We can also use `axis` argument to find row wise/ column wise max.

In [None]:
a

array([[ 0,  1,  2,  3],
       [ 4,  5,  6,  7],
       [ 8,  9, 10, 11]])

In [None]:
np.max(a) # maximum value

11

In [None]:
np.max(a, axis = 0) # column wise max

array([ 8,  9, 10, 11])

### Logical Operations

#### Now, What if we want to check whether "any" element of array follows a specific condition?

#### Let's say we have 2 arrays:

In [None]:
a = np.array([1,2,3,4])
b = np.array([4,3,2,1])
a, b

(array([1, 2, 3, 4]), array([4, 3, 2, 1]))
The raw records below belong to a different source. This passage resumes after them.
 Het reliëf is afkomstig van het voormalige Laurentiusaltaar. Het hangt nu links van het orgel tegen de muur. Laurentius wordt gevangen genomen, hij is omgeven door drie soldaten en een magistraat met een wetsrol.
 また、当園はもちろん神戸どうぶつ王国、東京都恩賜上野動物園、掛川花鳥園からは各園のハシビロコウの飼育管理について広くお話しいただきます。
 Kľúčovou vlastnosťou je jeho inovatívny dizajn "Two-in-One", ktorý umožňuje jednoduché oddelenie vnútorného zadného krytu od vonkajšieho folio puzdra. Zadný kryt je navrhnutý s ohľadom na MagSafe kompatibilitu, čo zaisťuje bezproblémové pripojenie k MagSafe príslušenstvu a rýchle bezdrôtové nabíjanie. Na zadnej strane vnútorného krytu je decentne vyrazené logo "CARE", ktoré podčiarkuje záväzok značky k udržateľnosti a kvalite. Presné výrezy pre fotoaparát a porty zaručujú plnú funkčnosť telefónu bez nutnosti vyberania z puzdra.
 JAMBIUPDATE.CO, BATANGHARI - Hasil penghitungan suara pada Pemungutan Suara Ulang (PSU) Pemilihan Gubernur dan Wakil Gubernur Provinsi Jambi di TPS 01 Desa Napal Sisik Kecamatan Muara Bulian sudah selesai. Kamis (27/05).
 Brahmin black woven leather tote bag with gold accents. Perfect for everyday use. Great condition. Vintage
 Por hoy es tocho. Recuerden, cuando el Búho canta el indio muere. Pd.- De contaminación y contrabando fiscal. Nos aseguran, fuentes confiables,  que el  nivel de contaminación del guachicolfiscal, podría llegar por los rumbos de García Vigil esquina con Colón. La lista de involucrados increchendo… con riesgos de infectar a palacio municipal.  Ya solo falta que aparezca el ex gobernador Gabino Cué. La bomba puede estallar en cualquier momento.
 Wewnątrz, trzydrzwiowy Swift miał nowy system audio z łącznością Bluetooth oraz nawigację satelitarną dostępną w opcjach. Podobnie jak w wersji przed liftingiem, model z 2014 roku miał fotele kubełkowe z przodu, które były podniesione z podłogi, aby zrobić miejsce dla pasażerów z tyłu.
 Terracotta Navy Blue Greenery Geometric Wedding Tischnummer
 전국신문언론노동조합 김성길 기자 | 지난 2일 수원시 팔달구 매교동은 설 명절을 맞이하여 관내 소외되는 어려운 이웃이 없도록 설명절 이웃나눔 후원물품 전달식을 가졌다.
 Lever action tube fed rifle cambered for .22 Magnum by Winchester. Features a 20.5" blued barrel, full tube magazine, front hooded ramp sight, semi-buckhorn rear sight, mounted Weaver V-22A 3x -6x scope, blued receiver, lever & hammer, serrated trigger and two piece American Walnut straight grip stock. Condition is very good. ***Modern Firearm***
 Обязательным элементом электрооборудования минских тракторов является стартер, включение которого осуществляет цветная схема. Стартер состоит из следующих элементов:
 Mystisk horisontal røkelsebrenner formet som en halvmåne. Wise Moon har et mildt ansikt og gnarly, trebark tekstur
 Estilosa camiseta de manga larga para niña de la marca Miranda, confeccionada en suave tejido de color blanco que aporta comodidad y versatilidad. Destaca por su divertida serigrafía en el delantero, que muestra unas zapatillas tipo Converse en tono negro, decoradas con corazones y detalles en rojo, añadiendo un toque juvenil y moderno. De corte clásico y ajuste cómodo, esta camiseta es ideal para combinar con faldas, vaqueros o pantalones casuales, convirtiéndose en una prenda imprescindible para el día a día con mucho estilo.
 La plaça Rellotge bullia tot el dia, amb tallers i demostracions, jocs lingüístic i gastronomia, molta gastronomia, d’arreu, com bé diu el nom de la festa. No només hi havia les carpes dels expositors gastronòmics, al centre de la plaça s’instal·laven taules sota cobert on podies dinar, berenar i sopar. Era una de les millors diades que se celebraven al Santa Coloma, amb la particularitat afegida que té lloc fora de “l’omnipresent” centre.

#### Let's say we want to find out if any of the elements in array `a` is smaller than any of the corresponding elements in array `b`


#### `np.any()` can become handy here as well


- `any()` returns `True` if **any of the corresponding elements** in the argument arrays follow the **provided condition**.


In [None]:
a = np.array([1,2,3,4])
b = np.array([4,3,2,1])
np.any(a<b) # Atleast 1 element in a < corresponding element in b

True

#### Let's try the same condition with different arrays:

In [None]:
a = np.array([4,5,6,7])
b = np.array([4,3,2,1])
np.any(a<b) # All elements in a >= corresponding elements in b

False

- In this case, **NONE of the elements in `a` were smaller than their corresponding elements in `b`**

- So, `np.any(a<b)` returned `False`

***

#### What if we want to check whether "all" the elements in our array are non-zero or follow the specified condition?

`np.all()`


#### Now, What if we want to check whether "all" the elements in our array follow a specific condition?




#### Let's say we want to find out if all the elements in array `a` are smaller than all the corresponding elements in array `b`

Again, Let's say we have 2 arrays:


In [None]:
a = np.array([1,2,3,4])
b = np.array([4,3,2,1])
a, b

(array([1, 2, 3, 4]), array([4, 3, 2, 1]))

In [None]:
np.all(a<b) # Not all elements in a < corresponding elements in b

False

#### Let's try it with different arrays

In [None]:
a = np.array([1,0,0,0])
b = np.array([4,3,2,1])
np.all(a<b) # All elements in a < corresponding elements in b

True

- In this case, **ALL the elements in `a` were smaller than their corresponding elements in `b`**

- So, `np.all(a<b)` returned `True`

#### Multiple conditions for `.all()` function

In [None]:
a = np.array([1, 2, 3, 2])
b = np.array([2, 2, 3, 2])
c = np.array([6, 4, 4, 5])
((a <= b) & (b <= c)).all()

True

#### What if we want to update an array based on condition ? 

Suppose you are given an array of integers and you want to update it based on following condition:
- if element is > 0, change it to +1
- if element < 0, change it to -1.

#### How will you do it ? 


In [None]:
arr = np.array([-3,4,27,34,-2, 0, -45,-11,4, 0 ])
arr

array([ -3,   4,  27,  34,  -2,   0, -45, -11,   4,   0])

You can use masking to update the array (as discussed in last class)

In [None]:
arr[arr > 0]  = 1
arr [arr < 0] = -1

In [None]:
arr

array([-1,  1,  1,  1, -1,  0, -1, -1,  1,  0])

There is a numpy function which can help us with it.

#### np.where()

Function signature: 
`np.where(condition, [x, y])`

This functions returns an ndarray whose elements are chosen from x or y depending on condition.



In [None]:
arr = np.array([-3,4,27,34,-2, 0, -45,-11,4, 0 ])


In [None]:
np.where(arr > 0, +1, -1)

array([-1,  1,  1,  1, -1, -1, -1, -1,  1, -1])

In [None]:
arr

array([ -3,   4,  27,  34,  -2,   0, -45, -11,   4,   0])

Notice that it didn't change the original array.